# Funny Prank Call Left on My Study's Answering Machine.



## N. Eshelman (Mar 17, 2011)

It goes to my Facebook page, but I think that you all can see it: 
[video=facebook;10150460531145473]http://www.facebook.com/video/video.php?v=10150460531145473&comments[/video]


----------



## Backwoods Presbyterian (Mar 17, 2011)

I am 85% sure I know that voice.


----------



## Ivan (Mar 17, 2011)

One of Osteen's confused 'church' member?


----------



## Marrow Man (Mar 17, 2011)

Backwoods Presbyterian said:


> I am 85% sure I know that voice.



What Benjamin's not telling you is that he spoke with me on the phone today.
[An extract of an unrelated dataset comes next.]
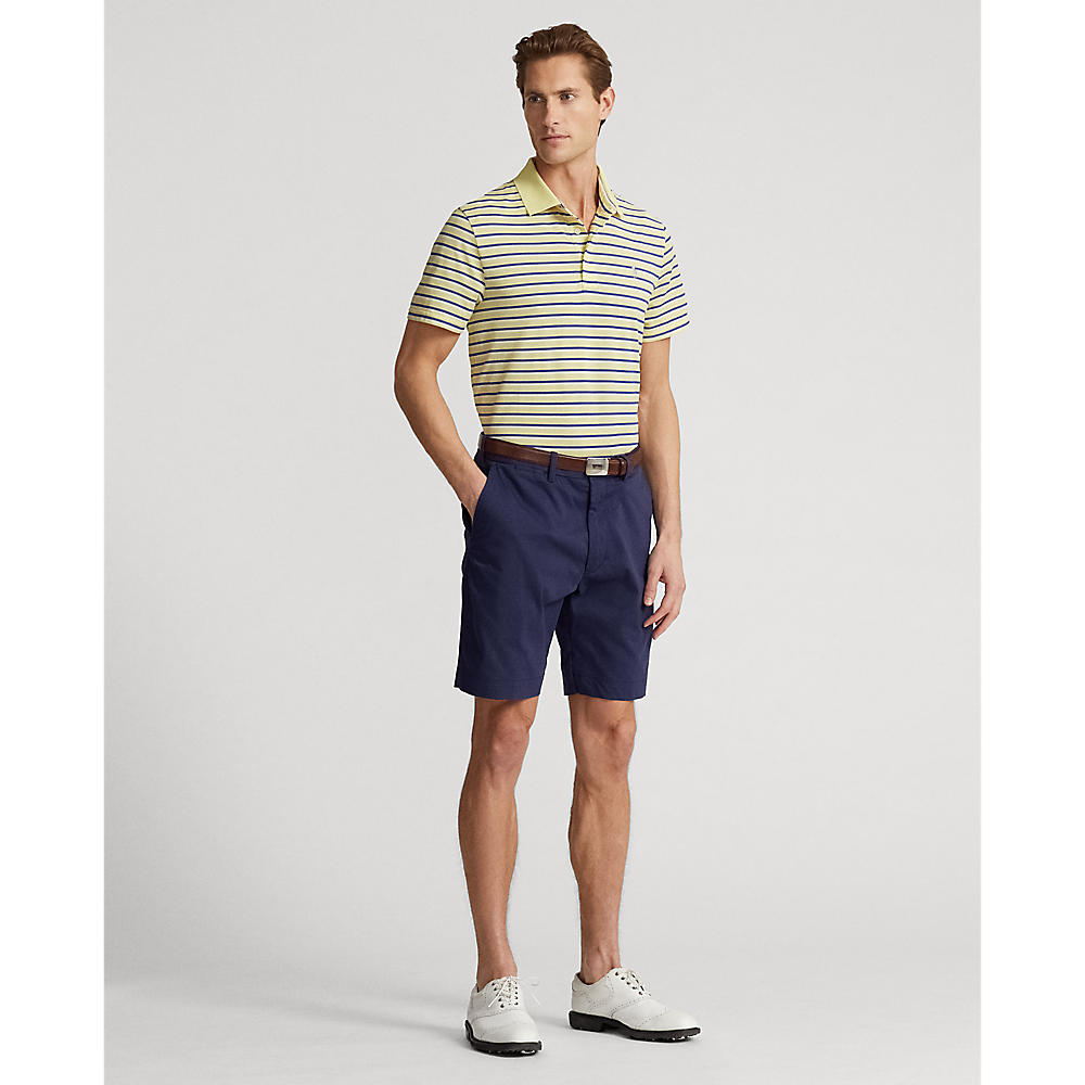 -Tailored through the waist. -Ribbed Polo collar. -Three-button placket. -Short sleeves. -"RLX" logo at the right shoulder. -Even vented hem. -Signature embroidered Pony at the left chest. -Cotton, polyester
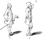 Austin describes gesture as the "action and position of all the parts of the body" (133) and attributes to gesture the power to convey meaning. During the 18th century, speakers preferred the natural style of gesture but Austin warns against this style saying that speakers who rely on nature run the risk of displaying "the untutored extravagance and uncouth motions of the vulgar" (138 see Plate 2, Figures 8 and 9 below). By following Austin's guidelines, speakers could improve their delivery by matching their gestures to their words. Austin advises his students, however, that gesture should be used with restraint and only when appropriate (137).

IT WASN'T ME!!!


----------



## Backwoods Presbyterian (Mar 17, 2011)

I can neither confirm nor deny we were on the phone at the time the call was placed.


----------



## lynnie (Mar 17, 2011)




----------



## O'GodHowGreatThouArt (Mar 18, 2011)

Media file is broken in Google Chrome (i.e. window is black), and doesn't show up (in the case of Internet Explorer).


----------



## N. Eshelman (Mar 18, 2011)

O'GodHowGreatThouArt said:


> Media file is broken in Google Chrome (i.e. window is black), and doesn't show up (in the case of Internet Explorer).


 
Huh. It's working on Safari (must be a Mac thing).  Anyone else having problems?


----------



## O'GodHowGreatThouArt (Mar 18, 2011)

nleshelman said:


> O'GodHowGreatThouArt said:
> 
> 
> > Media file is broken in Google Chrome (i.e. window is black), and doesn't show up (in the case of Internet Explorer).
> ...



Worked fine on the Beta RC version of Mozilla Firefox 4.

All I can say is this: O.O


----------



## jayce475 (Mar 18, 2011)

Works fine on my IE9 and Chrome.


----------



## PuritanCovenanter (Mar 18, 2011)

Please, someone help me find Pastor Joel. LOL I need some help. Urgently. I need a better life!


----------



## Skyler (Mar 18, 2011)

It works for me in Chrome.

Joel Osteen? Really? Lol.


----------



## Andres (Mar 18, 2011)

does not work for me either. I just see a black box. I'm on Chrome.


----------



## LawrenceU (Mar 18, 2011)

Black box


----------



## Backwoods Presbyterian (Mar 18, 2011)

I'm on Chrome and it works for me.


----------



## Notthemama1984 (Mar 18, 2011)

Safari and it worked fine.


----------